- [EXERCISE DATA]

##############################

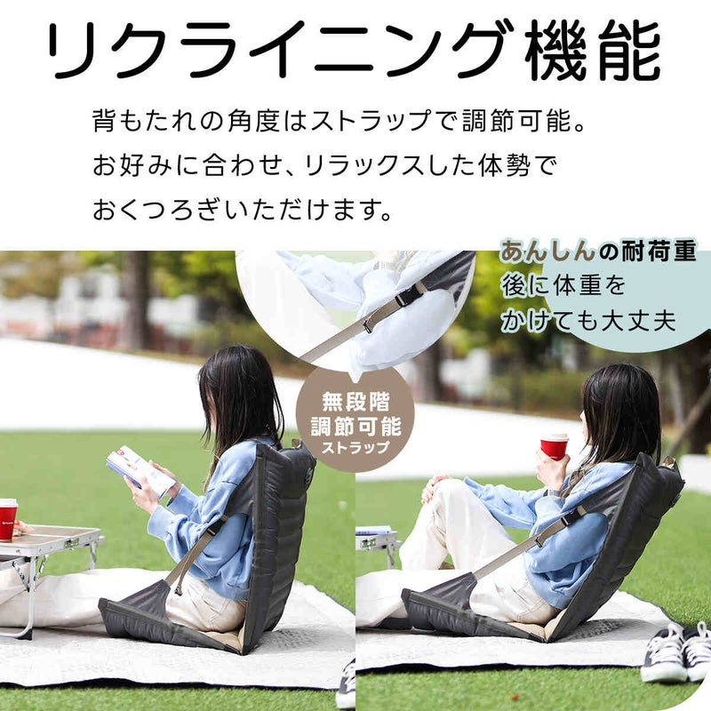 ・地べたでも快適に座れるエア座椅子。
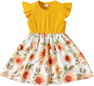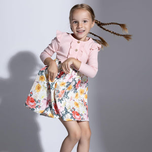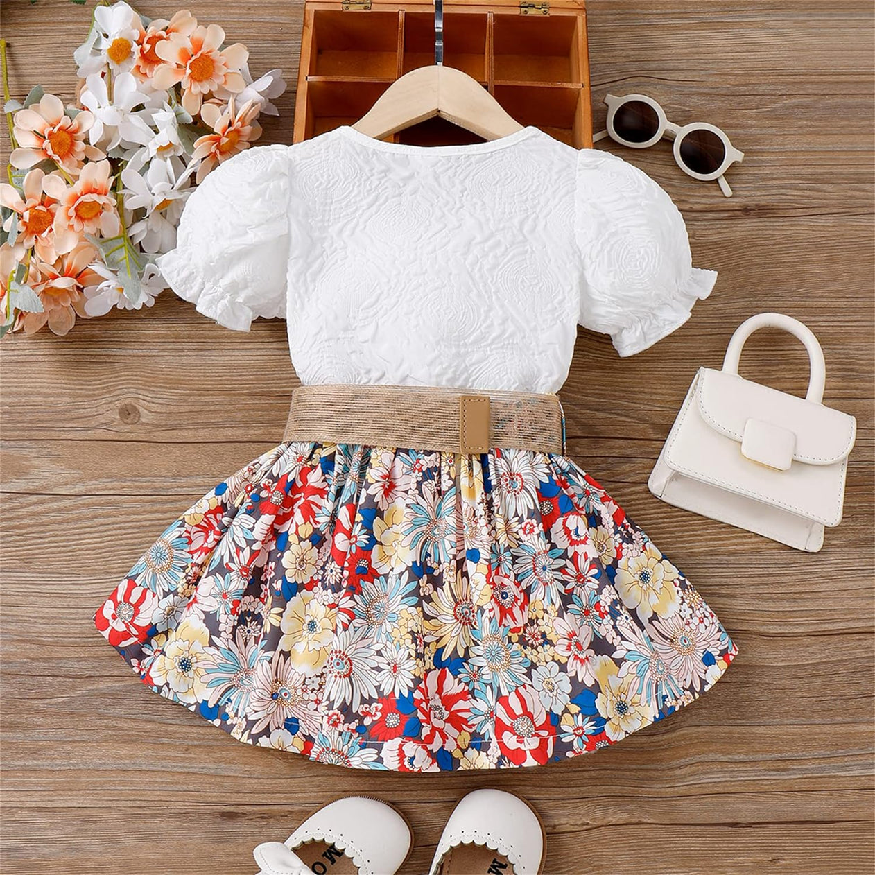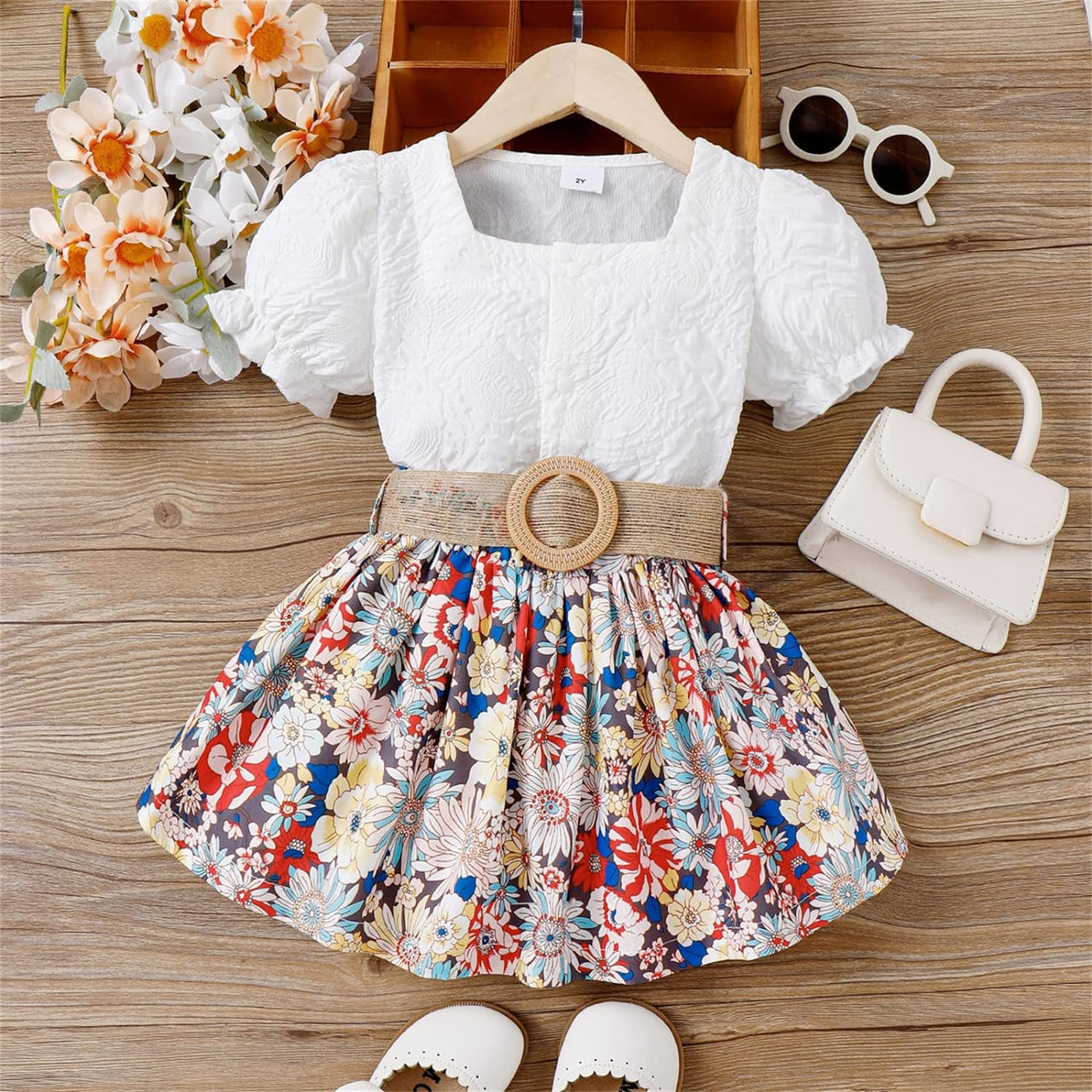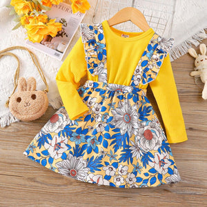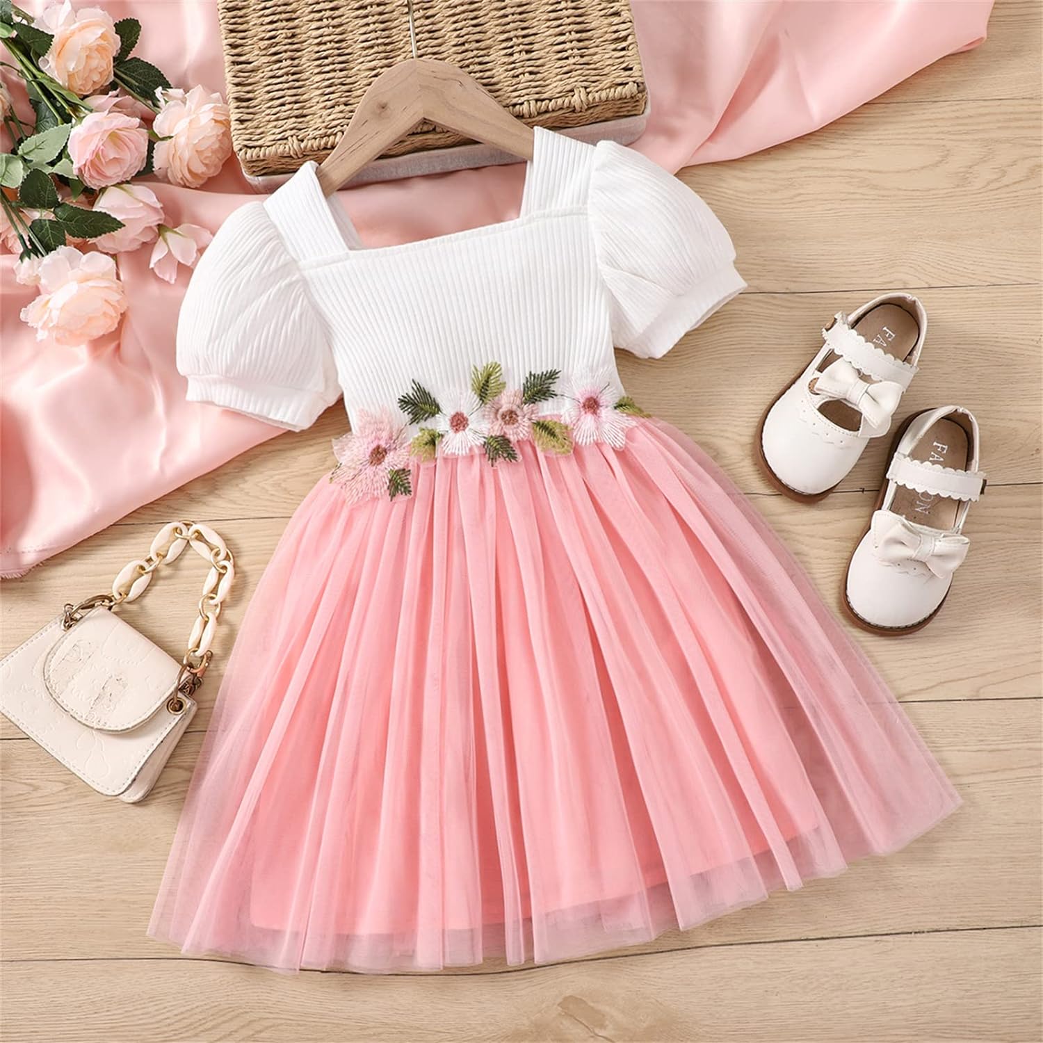 Design features: Baby toddler girls' flower skater dress designed with a-line skirt ,floral tops, long-sleeve, ruffles shoulder and texture fabric. dress up your little girls adorable and appealing in the party .Make this dress perfect for festival or daily.The best choice for fashionable moms.
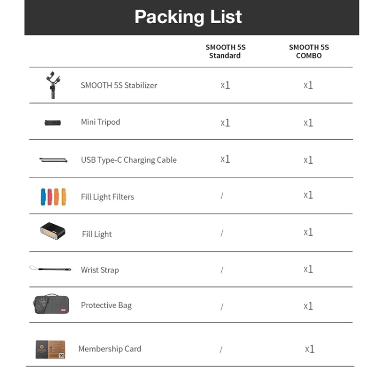ZHIYUN Smooth 5S 3-Axis Smartphone Handheld Gimbals Stabilizer, Spec: Combo Black
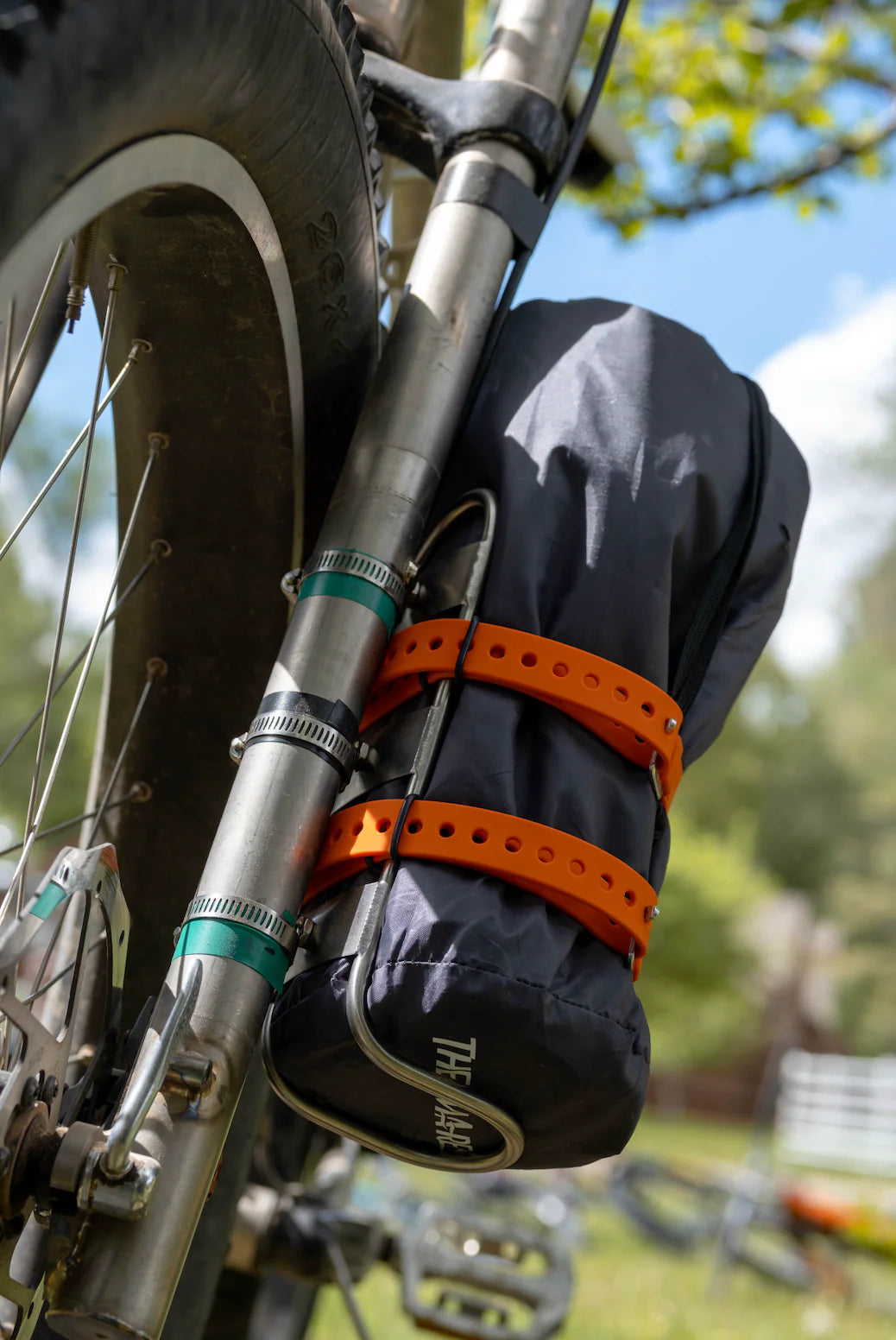 The Titanium Manything Cage is an indispensable accessory for serious bikepacking enthusiasts. True to its name, it is engineered to accommodate a wide array of items. Whether transporting oversized bottles or securing camping essentials such as tents, sleeping bags, and fuel, this cage offers reliable support. Its versatility even extends to elegantly transporting a bottle of wine to a dinner gathering. The hollow tube titanium variant lightens the load of this versatile cage.

##############################

- [ACTION ITEM]
Here the lines from the one containing "ZHIYUN Smooth 5S" through the end of the material are to be copied exactly, with the pictures omitted.

- [ANSWER TO THIS PROBLEM]
ZHIYUN Smooth 5S 3-Axis Smartphone Handheld Gimbals Stabilizer, Spec: Combo Black
 The Titanium Manything Cage is an indispensable accessory for serious bikepacking enthusiasts. True to its name, it is engineered to accommodate a wide array of items. Whether transporting oversized bottles or securing camping essentials such as tents, sleeping bags, and fuel, this cage offers reliable support. Its versatility even extends to elegantly transporting a bottle of wine to a dinner gathering. The hollow tube titanium variant lightens the load of this versatile cage.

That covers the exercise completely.